**What you have to do**: Pictures are not part of the copy. Reproduce all the records exactly.

**Exercise input**:

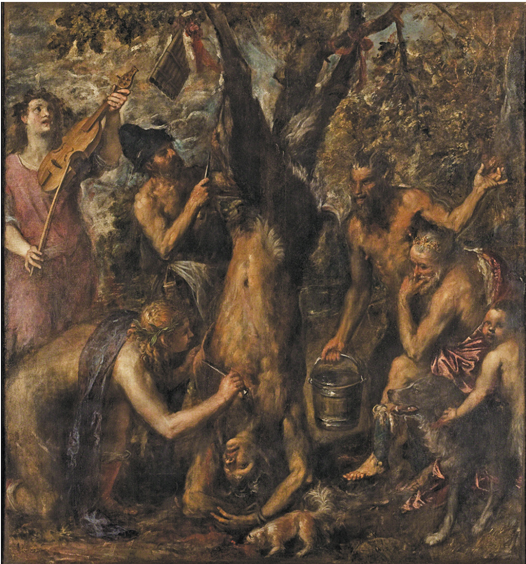
Titian, The Flaying of Marsyas , ca. 1570s, oil on canvas, 86 5/8 × 80 5/8".

The point-cloud aesthetic that is the foundation of Carver's recent paintings suggests biological matter sublimated into the virtual, figures opened up into ideas, and the confluence of the historical with the sci-fi present. The way it feels to be alive has changed a great deal over the past decade: The ways we represent ourselves and communicate, and the places our identities reside, are increasingly located in images in digital space. "The figurative painter," Carver writes, "must reckon with the material body as something that was once central to identity but may soon only function as a form of frailty and finitude that is eclipsed by a post-human, post-body form of being in the world." Bodies are becoming dematerialized, and this is the perfect time to find new ways of representing the human (and inhuman) figure.
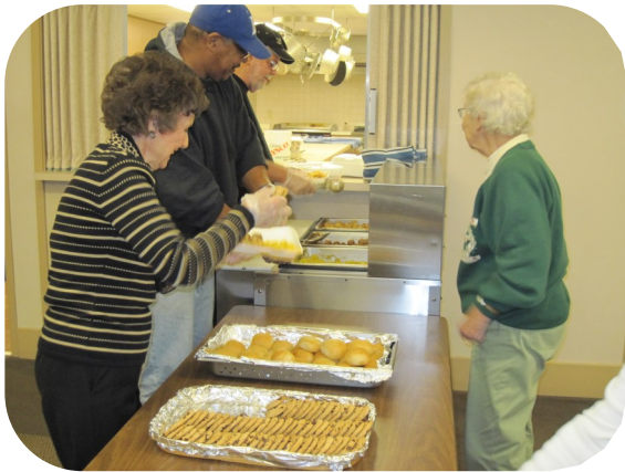
Staff & Volunteers serving lunch at a Lunch Club
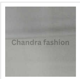
Zurick 4 Way Lycra Fabric
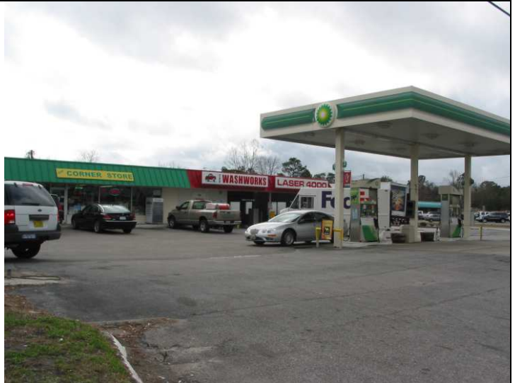
Site # 14: Valley Express (Our Corner Store)
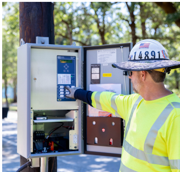
Advanced recloser control

We closely monitor any wildfires burning near our infrastructure, including power lines, poles and substations. If a fire gets close to our equipment, we will take measures to safeguard against its potential impact through a targeted, emergency de-energization to prevent damage to our facilities and the surrounding environment and to protect first responders.
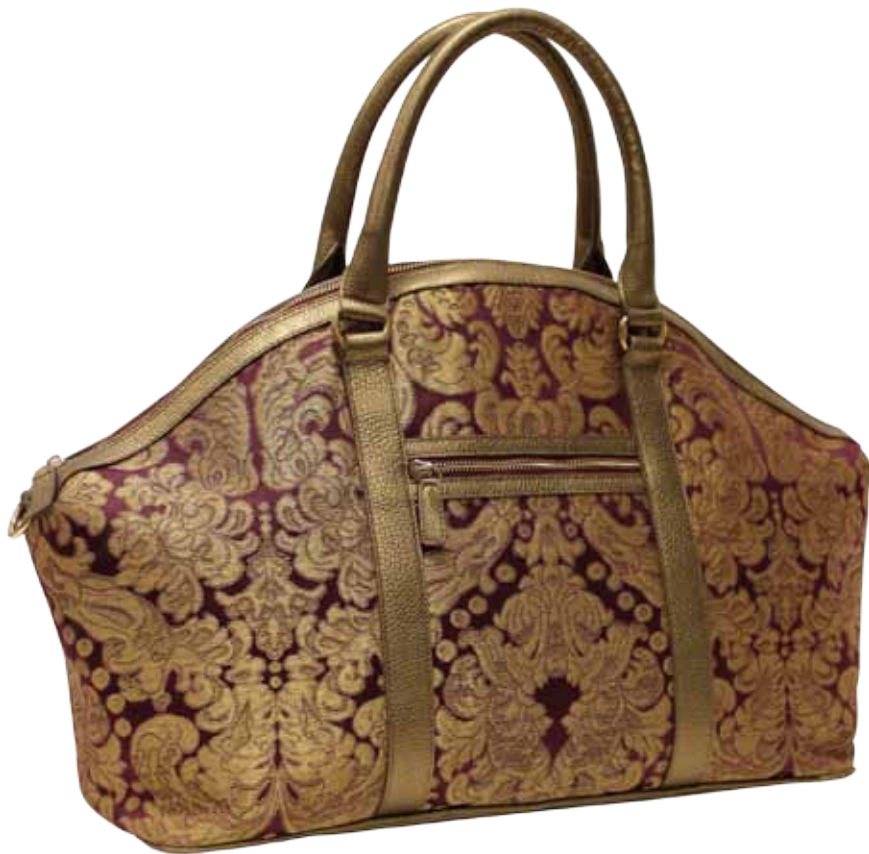
■ CD1304 _ DUFFLE

**Exercise result**:
Titian, The Flaying of Marsyas , ca. 1570s, oil on canvas, 86 5/8 × 80 5/8".

The point-cloud aesthetic that is the foundation of Carver's recent paintings suggests biological matter sublimated into the virtual, figures opened up into ideas, and the confluence of the historical with the sci-fi present. The way it feels to be alive has changed a great deal over the past decade: The ways we represent ourselves and communicate, and the places our identities reside, are increasingly located in images in digital space. "The figurative painter," Carver writes, "must reckon with the material body as something that was once central to identity but may soon only function as a form of frailty and finitude that is eclipsed by a post-human, post-body form of being in the world." Bodies are becoming dematerialized, and this is the perfect time to find new ways of representing the human (and inhuman) figure.
Staff & Volunteers serving lunch at a Lunch Club
Zurick 4 Way Lycra Fabric
Site # 14: Valley Express (Our Corner Store)
Advanced recloser control

We closely monitor any wildfires burning near our infrastructure, including power lines, poles and substations. If a fire gets close to our equipment, we will take measures to safeguard against its potential impact through a targeted, emergency de-energization to prevent damage to our facilities and the surrounding environment and to protect first responders.
■ CD1304 _ DUFFLE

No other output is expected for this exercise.